▶ [Task to carry out]: Once the images are set aside, write out the rest of the records exactly.

[Data records Boundary: Start]

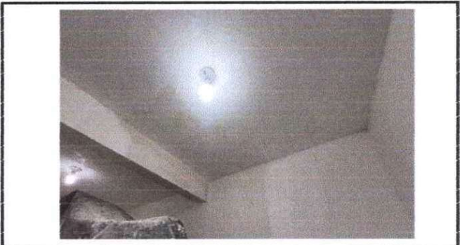
Foto 4: Sustitución de repello de todas las paredes y cielo de la oficina de supervisión
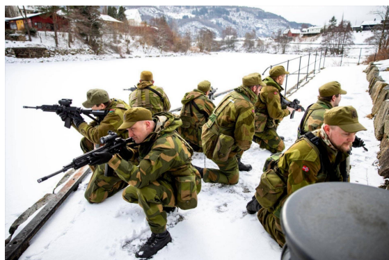
Sira Kvina HV-område under øvelse Jøssing
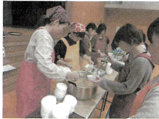
おかず味噌汁提供の様子 [11月]
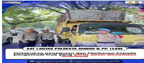
Gambar 9. Teguran Polresta Ambon Kepada Pengemudi Truk yang Odol
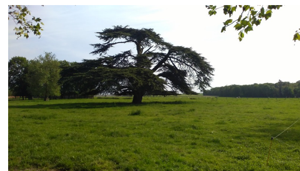
Doro 405
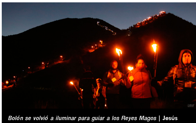
Bolón se volvió a iluminar para guiar a los Reyes Magos | Jesús

Que la tarde de Reyes este año haya caído sábado sin duda ha supuesto un aliciente para que los eldenes subiesen al monte , que contó con más visitantes que de costumbre. Durante todo el día la cima fue un ir y venir de personas , puesto que son muchos los vecinos que cada 5 de enero suben hasta la cruz, aunque bajen antes para disfrutar tranquilamente de la Cabalgata.
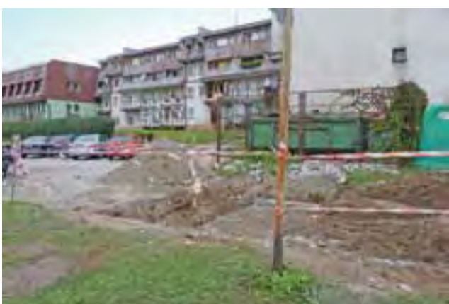
Przyczyną utrudnień na osiedlu Traugutta była awaria ciepłociągu pod przejazdem na osiedlowy parking.
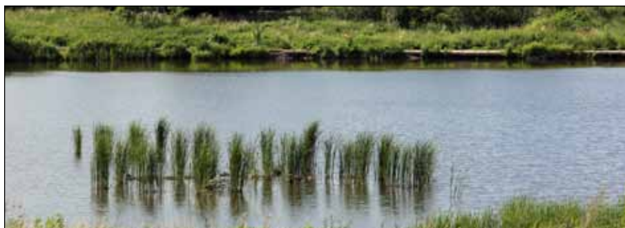
Natur vor der Haustür - dies hier ist nicht j.w.d., sondern mitten im Bezirk ...

Aktueller Terminhinweis: Landschaftstag des Regionalparkes Barnimer Feldmark am 17.03.2012 ab 9 Uhr im Freizeitforum Marzahn. Eintritt: 8,- Euro
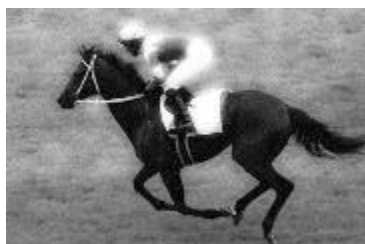
伝説のダービー馬マツミドリ
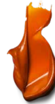
7-77 BRIGHT COPPER
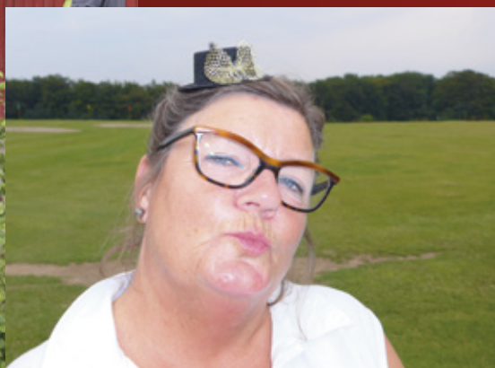
Fra Ladies Sections hatteturnering.
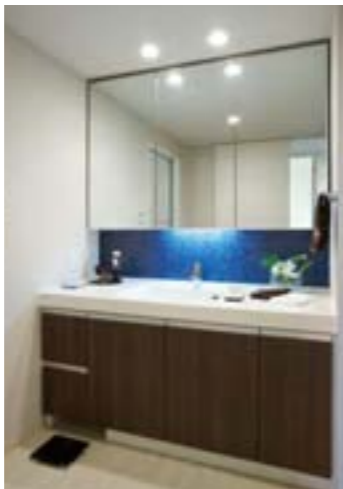
洗面化粧台 i-Xは、ポウルー一体型カウンターと鏡裏収納付き三面鏡ですっきり
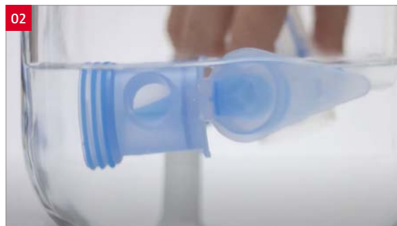
02 2. Wassen met drie druppels mild afwasmiddel.
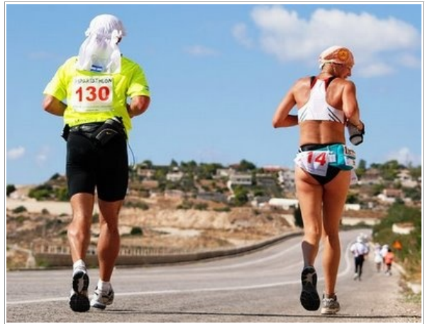
Medallas do Espartathlón:

O último gañador masculino foi Scott Jurek (EUA), e a última gañadora feminina foi Sook-Hue Hur (Corea do Sur), ambos no 2008.
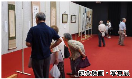
記念絵画・写真展
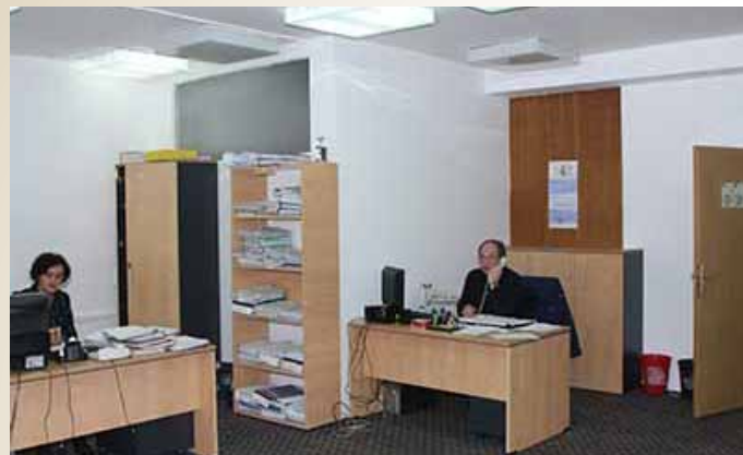
Sanirane općinske prostorije

Za sanaciju, rekonstrukciju i izgradnju javne rasvjete na području Općine Stari Grad dosad je uplaćena prva rata od 40.000,00 KM (ukupna suma je 80.000,00 KM).
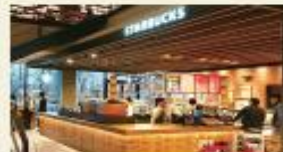
スターバックスコーヒー (徒歩10分/約850m)
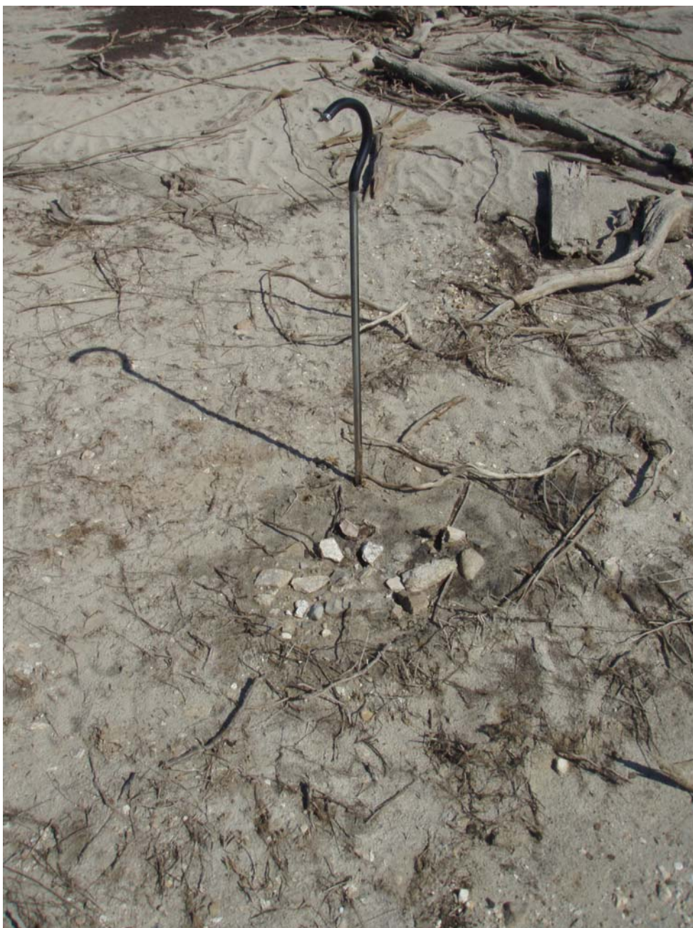
Kall 656. Vid sonden är en härd av förhistorisk karaktär.
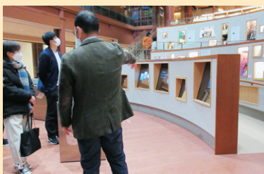
「本との出会いの窓」での説明
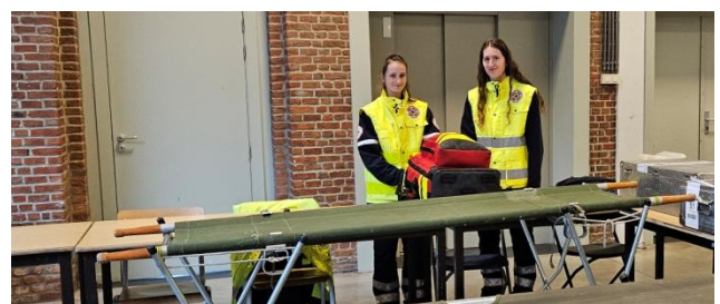
5 Dernière vérification du matériel
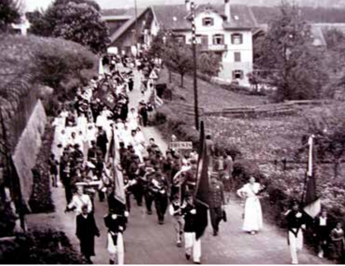
1955: Umzug durch Cazis nach Kantonalem Musikfest.
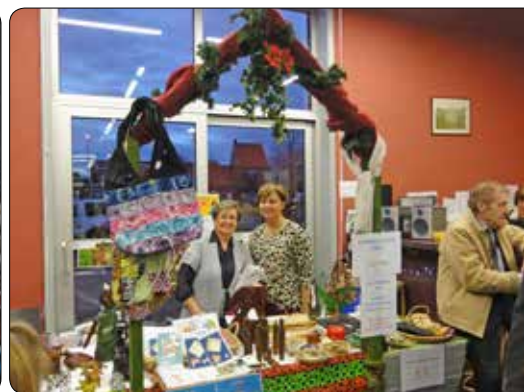
Kerstmarkt Sint Petrus 2013

[Data records Boundary: End]

▶ [Response to the task]:
Foto 4: Sustitución de repello de todas las paredes y cielo de la oficina de supervisión
Sira Kvina HV-område under øvelse Jøssing
おかず味噌汁提供の様子 [11月]
Gambar 9. Teguran Polresta Ambon Kepada Pengemudi Truk yang Odol
Doro 405
Bolón se volvió a iluminar para guiar a los Reyes Magos | Jesús

Que la tarde de Reyes este año haya caído sábado sin duda ha supuesto un aliciente para que los eldenes subiesen al monte , que contó con más visitantes que de costumbre. Durante todo el día la cima fue un ir y venir de personas , puesto que son muchos los vecinos que cada 5 de enero suben hasta la cruz, aunque bajen antes para disfrutar tranquilamente de la Cabalgata.
Przyczyną utrudnień na osiedlu Traugutta była awaria ciepłociągu pod przejazdem na osiedlowy parking.
Natur vor der Haustür - dies hier ist nicht j.w.d., sondern mitten im Bezirk ...

Aktueller Terminhinweis: Landschaftstag des Regionalparkes Barnimer Feldmark am 17.03.2012 ab 9 Uhr im Freizeitforum Marzahn. Eintritt: 8,- Euro
伝説のダービー馬マツミドリ
7-77 BRIGHT COPPER
Fra Ladies Sections hatteturnering.
洗面化粧台 i-Xは、ポウルー一体型カウンターと鏡裏収納付き三面鏡ですっきり
02 2. Wassen met drie druppels mild afwasmiddel.
Medallas do Espartathlón:

O último gañador masculino foi Scott Jurek (EUA), e a última gañadora feminina foi Sook-Hue Hur (Corea do Sur), ambos no 2008.
記念絵画・写真展
Sanirane općinske prostorije

Za sanaciju, rekonstrukciju i izgradnju javne rasvjete na području Općine Stari Grad dosad je uplaćena prva rata od 40.000,00 KM (ukupna suma je 80.000,00 KM).
スターバックスコーヒー (徒歩10分/約850m)
Kall 656. Vid sonden är en härd av förhistorisk karaktär.
「本との出会いの窓」での説明
5 Dernière vérification du matériel
1955: Umzug durch Cazis nach Kantonalem Musikfest.
Kerstmarkt Sint Petrus 2013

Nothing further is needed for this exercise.